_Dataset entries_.
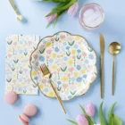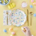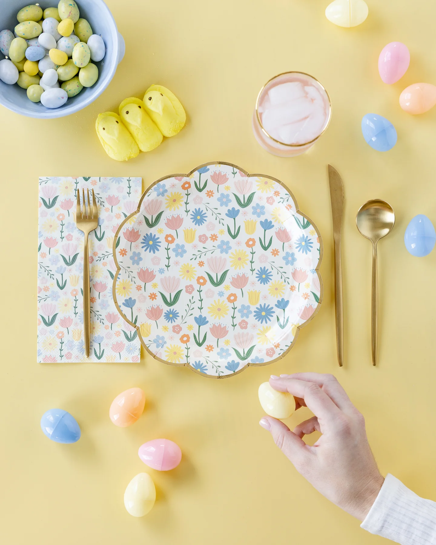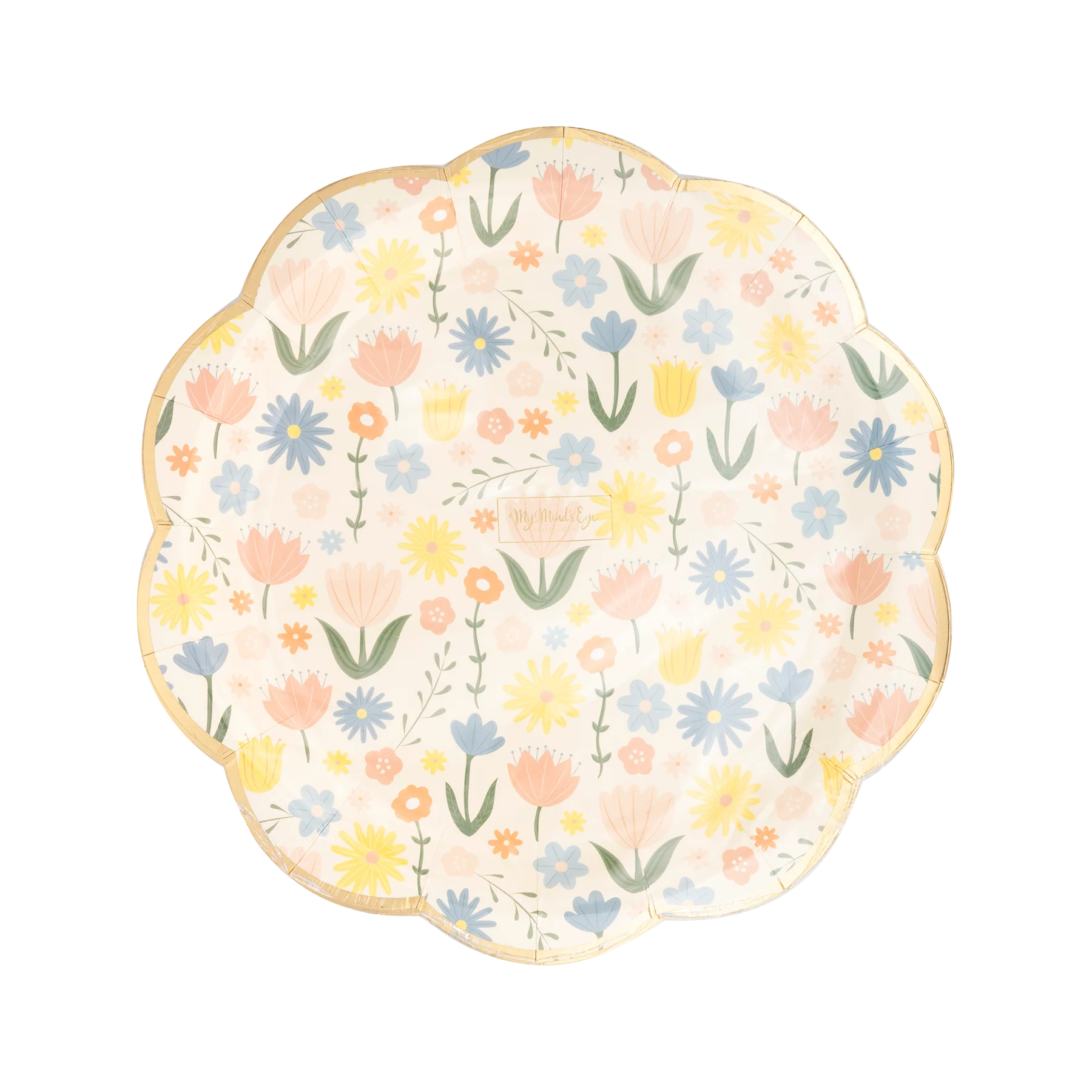 Pack de 8 platos con estampado de flores, sobre fondo beige con el borde festoneado en color dorado.
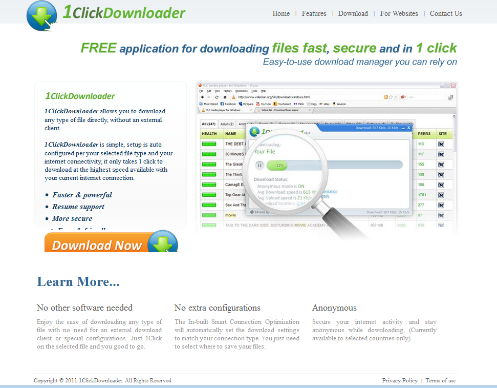 The shortcut links on the interfaces point to ww1[DOT]1clickdownloader[DOT]com, which is currently a parked domain. As such, users can’t find the “Terms of Use” or “Privacy Policy” pages. The said URL is also on their Facebook page. Quite notably, it hasn’t been updated since the second half of 2012.
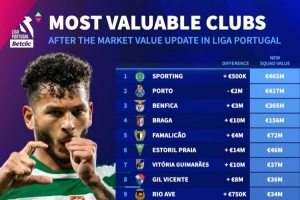 体育资讯3月22日讯 德国转会市场列出了葡超俱乐部身价排名,葡萄牙体育、波尔图、本菲卡前三。
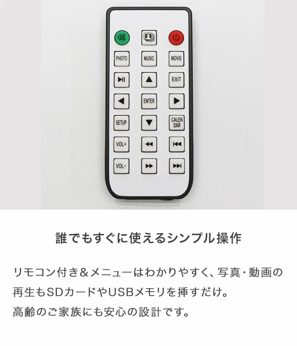 リモコン付き&メニューはわかりやすく、写真・動画の再生もSDカードやUSBメモリを挿すだけ。
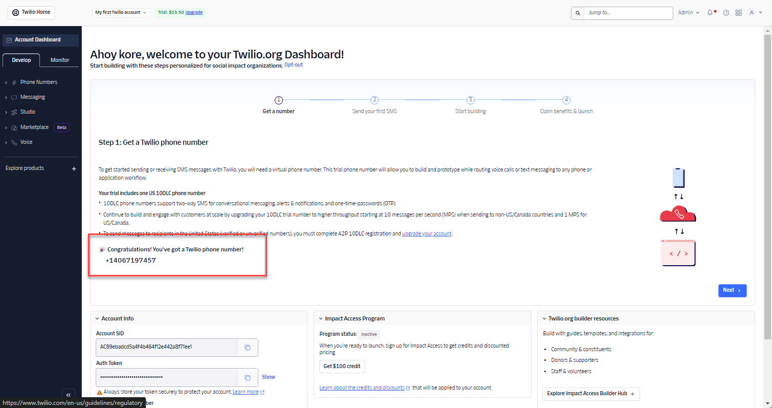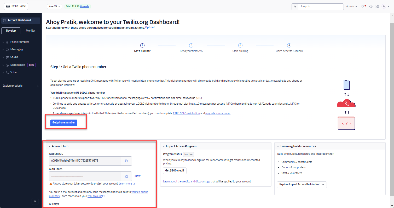 - Create a Twilio account and get the Phone Number.
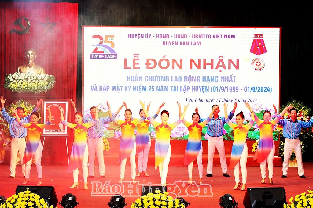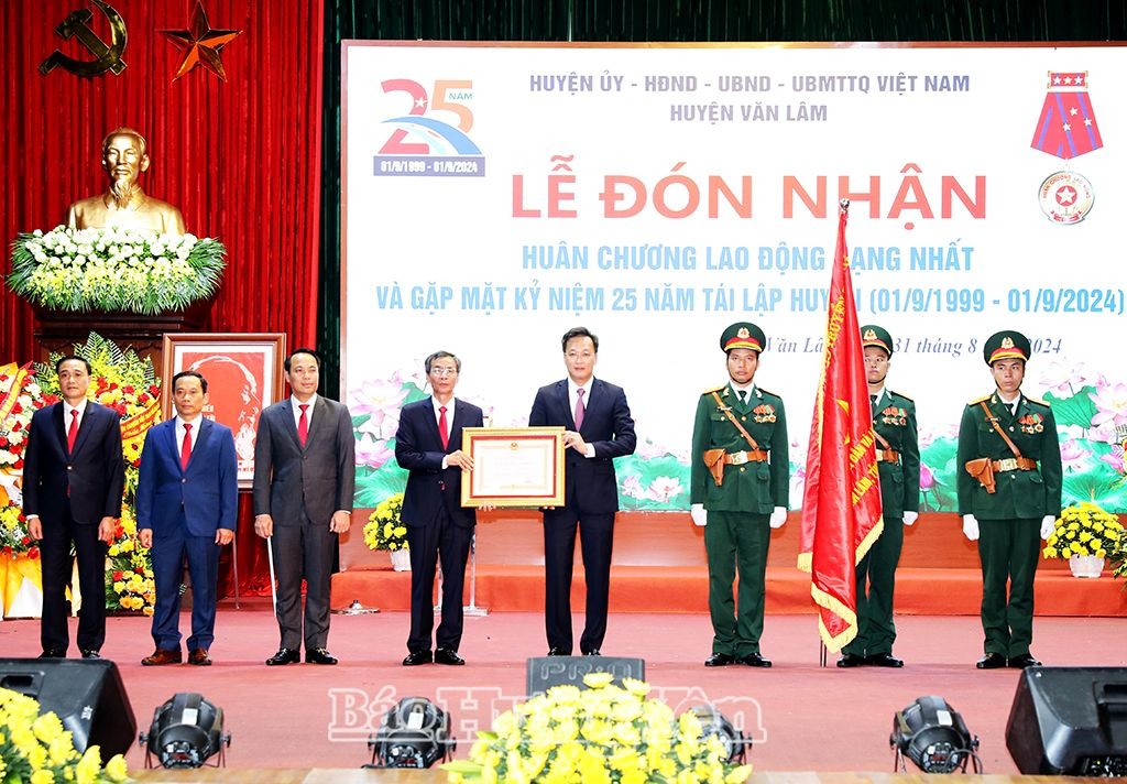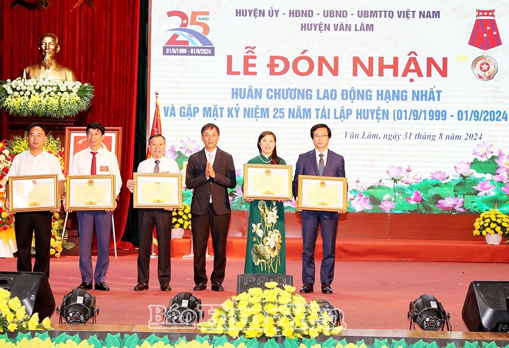 Ngày 31/8, Huyện ủy, HĐND, UBND, Ủy ban MTTQ Việt Nam huyện Văn Lâm tổ chức lễ đón nhận Huân chương Lao động hạng Nhất và gặp mặt kỷ niệm 25 năm tái lập huyện (1/9/1999 – 1/9/2024). Các đồng chí: Phạm Minh Chính, Ủy viên Bộ Chính trị, Thủ tướng Chính phủ; Võ Thị Ánh Xuân, Ủy viên BCH Trung ương Đảng, Phó Chủ tịch nước Cộng hòa Xã hội chủ nghĩa Việt Nam gửi tặng lẵng hoa chúc mừng huyện.
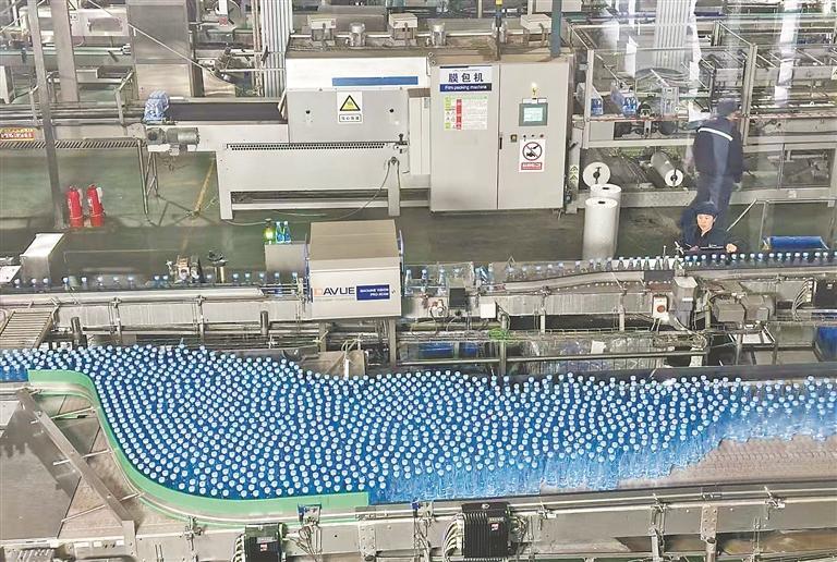 “吹瓶、灌裝、旋蓋一體機(jī)是我們生產(chǎn)線上最有含金量的設(shè)備,瓶坯經(jīng)過高溫加熱、壓縮空氣吹制,再完成灌裝、旋蓋,全程無(wú)菌操作,確保每一滴水都純潔無(wú)瑕?!鄙a(chǎn)車間主任劉恒介紹,該設(shè)備生產(chǎn)能力可達(dá)每秒10瓶,搭配全新的視覺檢測(cè)儀、稱重機(jī)和每分鐘可打包30箱產(chǎn)品的箱包機(jī),讓生產(chǎn)效率與產(chǎn)品標(biāo)準(zhǔn)雙提升。
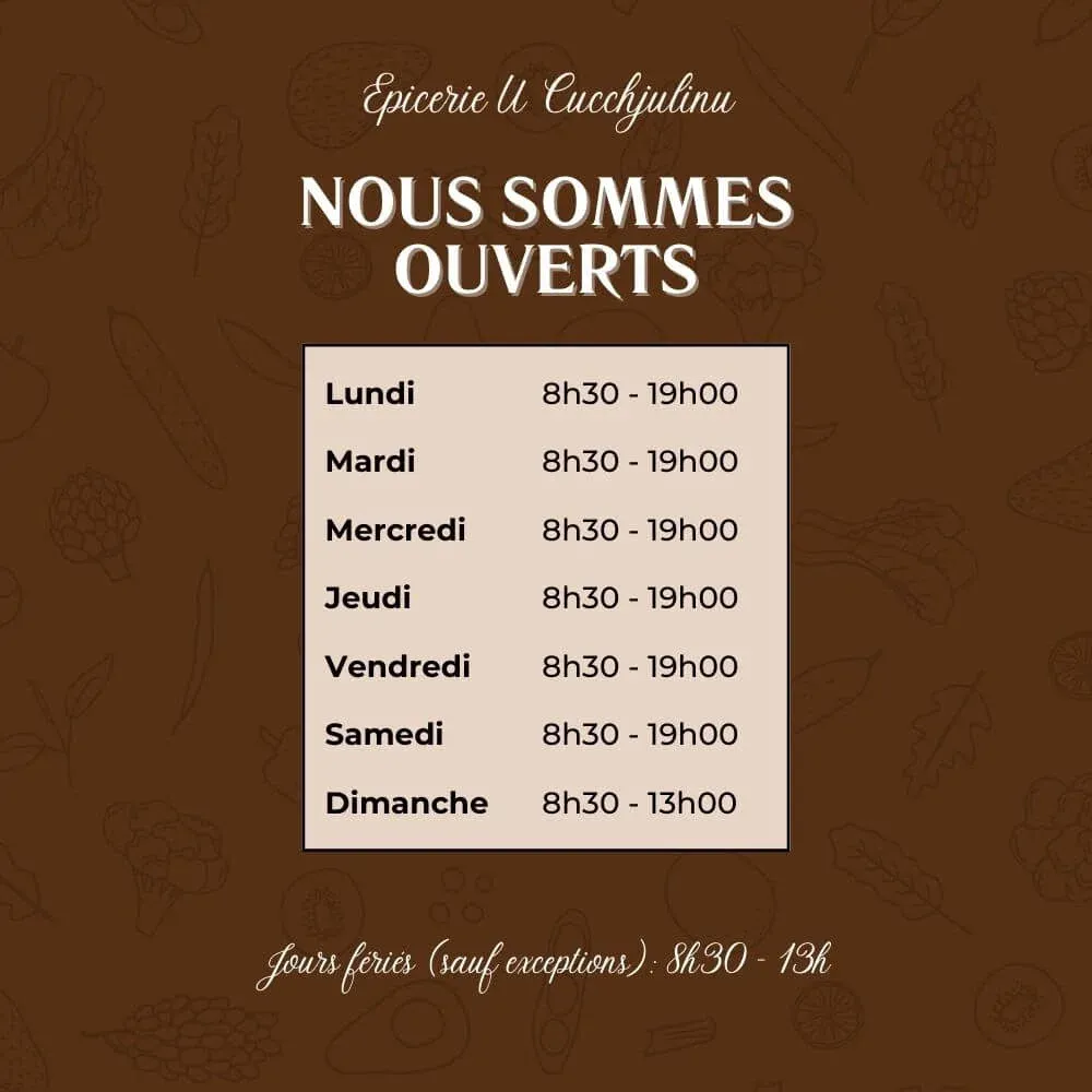 - Épicerie U Cucchjulinu : Lundi - Samedi 8h30 - 19h, Dimanche 8h30 - 13h

_Task to complete_.
Please retype the whole of the data precisely, omitting pictures.

_Your solution_.
 Pack de 8 platos con estampado de flores, sobre fondo beige con el borde festoneado en color dorado.
 The shortcut links on the interfaces point to ww1[DOT]1clickdownloader[DOT]com, which is currently a parked domain. As such, users can’t find the “Terms of Use” or “Privacy Policy” pages. The said URL is also on their Facebook page. Quite notably, it hasn’t been updated since the second half of 2012.
 体育资讯3月22日讯 德国转会市场列出了葡超俱乐部身价排名,葡萄牙体育、波尔图、本菲卡前三。
 リモコン付き&メニューはわかりやすく、写真・動画の再生もSDカードやUSBメモリを挿すだけ。
 - Create a Twilio account and get the Phone Number.
 Ngày 31/8, Huyện ủy, HĐND, UBND, Ủy ban MTTQ Việt Nam huyện Văn Lâm tổ chức lễ đón nhận Huân chương Lao động hạng Nhất và gặp mặt kỷ niệm 25 năm tái lập huyện (1/9/1999 – 1/9/2024). Các đồng chí: Phạm Minh Chính, Ủy viên Bộ Chính trị, Thủ tướng Chính phủ; Võ Thị Ánh Xuân, Ủy viên BCH Trung ương Đảng, Phó Chủ tịch nước Cộng hòa Xã hội chủ nghĩa Việt Nam gửi tặng lẵng hoa chúc mừng huyện.
 “吹瓶、灌裝、旋蓋一體機(jī)是我們生產(chǎn)線上最有含金量的設(shè)備,瓶坯經(jīng)過高溫加熱、壓縮空氣吹制,再完成灌裝、旋蓋,全程無(wú)菌操作,確保每一滴水都純潔無(wú)瑕?!鄙a(chǎn)車間主任劉恒介紹,該設(shè)備生產(chǎn)能力可達(dá)每秒10瓶,搭配全新的視覺檢測(cè)儀、稱重機(jī)和每分鐘可打包30箱產(chǎn)品的箱包機(jī),讓生產(chǎn)效率與產(chǎn)品標(biāo)準(zhǔn)雙提升。
 - Épicerie U Cucchjulinu : Lundi - Samedi 8h30 - 19h, Dimanche 8h30 - 13h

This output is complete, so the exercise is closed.